#StayWild Tip: Admire the setting sun. Stay up late, look to the west and watch the sky turn pink.
For Day Five of 30DaysWild I wanted to find a vantage point to enjoy a summer evening sunset. Nearby Glen Fruin offers some stunning westerly views toward the hills and mountains of Arrochar and the wider Loch Lomond and Trossachs National Park.
I grabbed my camera and binoculars and jumped in the car, but I didn’t count on all the distractions along the way….
Given that it was such a warm day, I first made a detour and parked at the start of the path to Auchengaich Reservoir. I wasn’t going to walk to the Reservoir, but did want to check an area where I know you can find sunbathing viviparous lizards (also known as “common” lizards, but there’s nothing common about these diminutive dinosaurs).
There were no lizards tonight, but a rustle in the long grass beside the fence had me wander a little further up the path. A young hare – a leveret – was hiding in the grasses, and I gave the little fellow a wide berth. He soon scampered off, with a funny, gangly-legged lope.
As the sun got lower it cast amber suffusion across the landscape, and I was lured a little further along the path by a patch of bog cotton, bursting with fluff.
A little further on I could see the nodding violet heads of butterworts in bloom. I am fascinated by this plant as it is carnivorous, like sundew.

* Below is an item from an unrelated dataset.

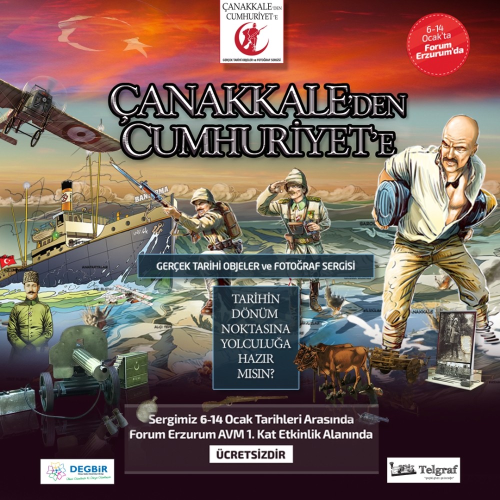 Türkiye’yi dolaşan Çanakkale Müzesi ve Fotoğraf Sergisi, 6-14 Ocak 2021 tarihleri arasında Forum Erzurum’da yerini alacak. Çanakkale ruhunun savaştan kalma malzemeler ve fotoğraflarla sunulan sergide savaş zamanında kullanılan gerçek malzemeler, döneme ait üniformalarla giydirilmiş askerler, Çanakkale’yi yansıtan yapılarla ilgili maketler ve 100 yıl öncesinin fotoğrafları yer alıyor.

It catches small insects using sticky “glue” on its green rosette of leaves, then the edges curl inwards to entrap and digest any insects silly enough to get stuck.
By now I was almost at the Reservoir, and the sky has an apricot tinge. The sun has almost dropped behind the prow-like ridge of The Strone, so I’m going to have to relocate if I want to see a sunset!

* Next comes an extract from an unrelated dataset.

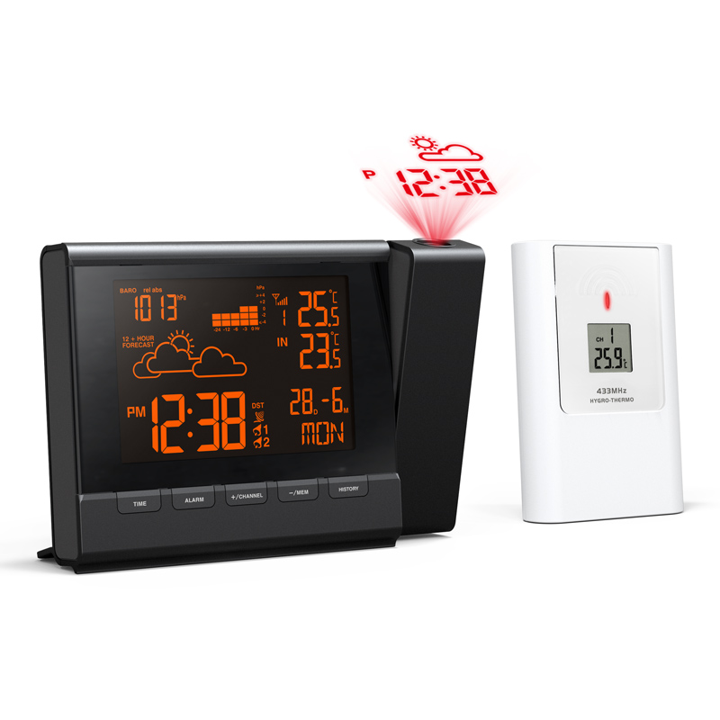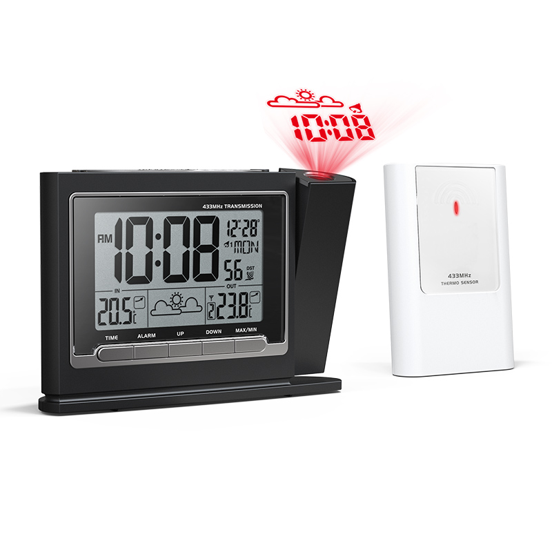 The projection feature allows you to display time and weather on a wall or ceiling for easy viewing during the night.

Before I turned back to the trailhead, I could hear birdsong that I didn’t recognise. I homed in on the sound to find a pair of grey wagtails singing around the reservoir slipway. I spent a little bit of time watching them before heading back.
Back in the car I went toward Glen Fruin proper to maybe catch a sunset. As I drove west to the viewpoint, my road was blocked by the answer to the eternal question:
Q. Why did the chicken cross the road?
A. Because it was trying to get away from an oversexed peacock!
Watching this peacock shake it’s thang at the completely indifferent cock was quite something. He followed the chicken step for step, rustling his tail feathers and strutting for all he was worth. I’m not sure who was the most embarrassed.
By the time I continued from this unusual show, the sun had almost entirely dropped behind the hills and I had pretty much forgotten what I had come out for.
As I waited for the sun to lower completely I watched a kestrel hunting in the last vestiges of sunshine – perhaps the same one I saw on Friday as it was in the same area.
Finally I was rewarded with an expanse of sky resembling the surface of Jupiter. Rolling bands of orange, purple and gray unfurled on the horizon, while pheasants coughed in the fields alongside whistling curlew. A very perfect end to a very wild evening, despite the very welcome distractions!